Aber Pallas Athene, des Ägiserschütterers Tochter,
Ließ hingleiten das feine Gewand im Palaste des Vaters,

Buntgewirkt, das sie selber mit künstlicher Hand sich bereitet.
Drauf in den Panzer gehüllt des schwarzumwölkten Kronions,
Nahm sie das Waffengeschmeide zur tränenbringenden Feldschlacht.
Siehe sie warf um die Schulter die Ägis, prangend mit Quästen,
Fürchterlich, rund umher mit drohendem Schrecken umkränzet.

Drauf ist Streit, drauf Stärke und drauf die starre Verfolgung,
Drauf das gorgonische Haupt, des entsetzlichen Ungeheuers,
Schreckenvoll und entsetzlich, das Graun des donnernden Vaters!
Auch umschloß sie das Haupt mit des Helms viergipflichter Kuppel,
Golden und groß, die Streiter aus hundert Städten zu decken.

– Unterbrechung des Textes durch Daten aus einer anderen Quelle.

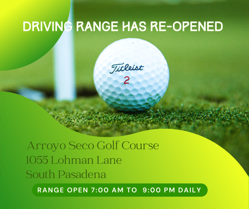 The Arroyo Seco Golf Course Driving Range has re-opened after damage to poles and netting during the January wind storms. The driving range opens at 7:00 AM and closes at 9:00 PM daily. For further information, contact the Community Services Department at 626-403-7380.
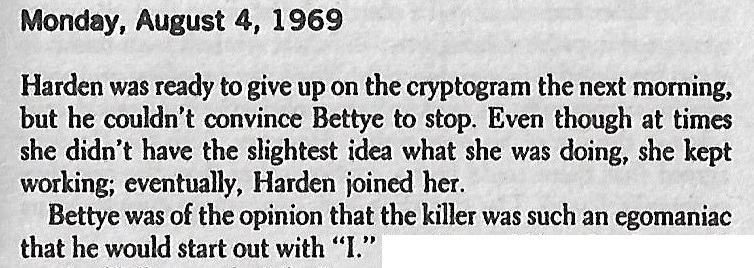Va ricordato, infine, che “io” รจ l’incipit del primo testo cifrato di Zodiac,99 la prima parola a essere decrittata grazie a un’intuizione di Bettye Harden, moglie di Donald, raccontata da Graysmith in “Zodiac”:100
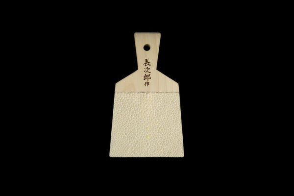 Shark skin graters like this are used in Japan to grate wasabi for sushi and other dishes that require it. Shark skin is considered the best material to use for grating wasabi.

Jetzt in den flammenden Wagen erhub sie sich; nahm dann die Lanze
Schwer und groß und gediegen, womit sie die Scharen der Helden
Bändiget, welchen sie zürnt, die Tochter des schrecklichen Vaters.

Nachts, Motorrad

Als meine Familie im Sommerurlaub war, bin ich viel mit meinem Motorrad gefahren und habe bis spät nachts gearbeitet.

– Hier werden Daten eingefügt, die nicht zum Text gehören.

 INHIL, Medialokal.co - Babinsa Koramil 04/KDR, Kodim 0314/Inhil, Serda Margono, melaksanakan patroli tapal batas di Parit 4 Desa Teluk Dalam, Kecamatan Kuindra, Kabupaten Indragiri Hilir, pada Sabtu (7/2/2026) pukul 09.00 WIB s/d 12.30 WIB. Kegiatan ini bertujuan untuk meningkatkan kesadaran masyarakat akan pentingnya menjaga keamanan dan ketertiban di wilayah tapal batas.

Es ist erstaunlich, wie ich automatisch wieder in meinen eigentlichen Biorhythmus zurückfalle, wenn meine Familie nicht da ist: spät aufstehen und bis sehr spät arbeiten, 1 oder 2 Uhr nachts.

Zu Frankfurt verbindet mich eine Hassliebe. Was mir gefällt ist, dass man sich hier nie allein fühlt. Auch wenn ich um 2 Uhr morgens aus dem Büro komme, gibt es noch eine Menge erleuchteter Büros, in denen Menschen hinter ihrem Computer sitzen. Im italienischen Restaurant sitzen die Inhaber mit ihrem Personal und ihren Kindern am Tisch und nehmen ihr Nachtmahl zu sich, nachdem die letzten Gäste gegangen sind.

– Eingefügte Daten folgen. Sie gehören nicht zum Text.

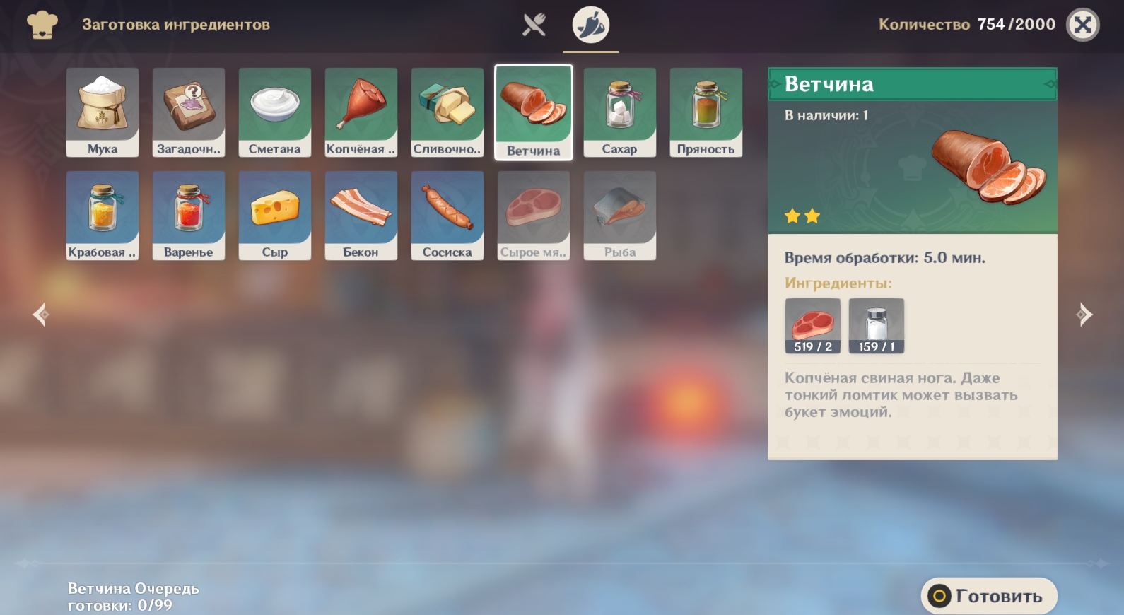 Однако, есть нюансы. Обработка кулинарных ингредиентов длится очень долго. Тут уж остается лишь выбирать, что для вас более ценно: время или деньги. К примеру, для обработки одной единицы муки придется потратить минуту, а значит, что для приготовления еды по рецепту, включающего в себя 3 ед. муки, понадобится ждать до завершения процесса 3 минуты. Как мы уже говорили выше, намного проще позаботиться о запуске обработки нужных ингредиентов заранее.

Die Straßen sind frei. Ich fahre mit hochgeklapptem Visier und lasse die warme Nachtluft über mein Gesicht strömen. Es sind mittlerweile diese kleinen Momente, an denen man sich erfreut.

Wenn ich nachts nicht schlafen kann, sehe ich mir solche Videos an, die mich auf eigentümliche Weise beruhigen. Frankfurt hat zwar die einzige vernünftige Skyline in Deutschland ist aber trotzdem zu hässlich und ich habe auch nicht das notwendige Equipment, um so etwas zu filmen.

Blut

Ich sehe mir gerne eine gute Schlägerei an und bei King of the Streets dürfen jetzt auch Frauen kämpfen.

Es treten auf: eine argentinische Schlägerin….

….und eine durchgeknallte Mexikanerin. Ich finde es geil, wie sie sagt, sie wolle „reina de la calle“ werden.

Hier der Kampf. Beide sehr stark gekämpft. Sehr blutig, unglaublich brutal und „nasty“, aber ist ja auch klar – es sind halt auch Frauen.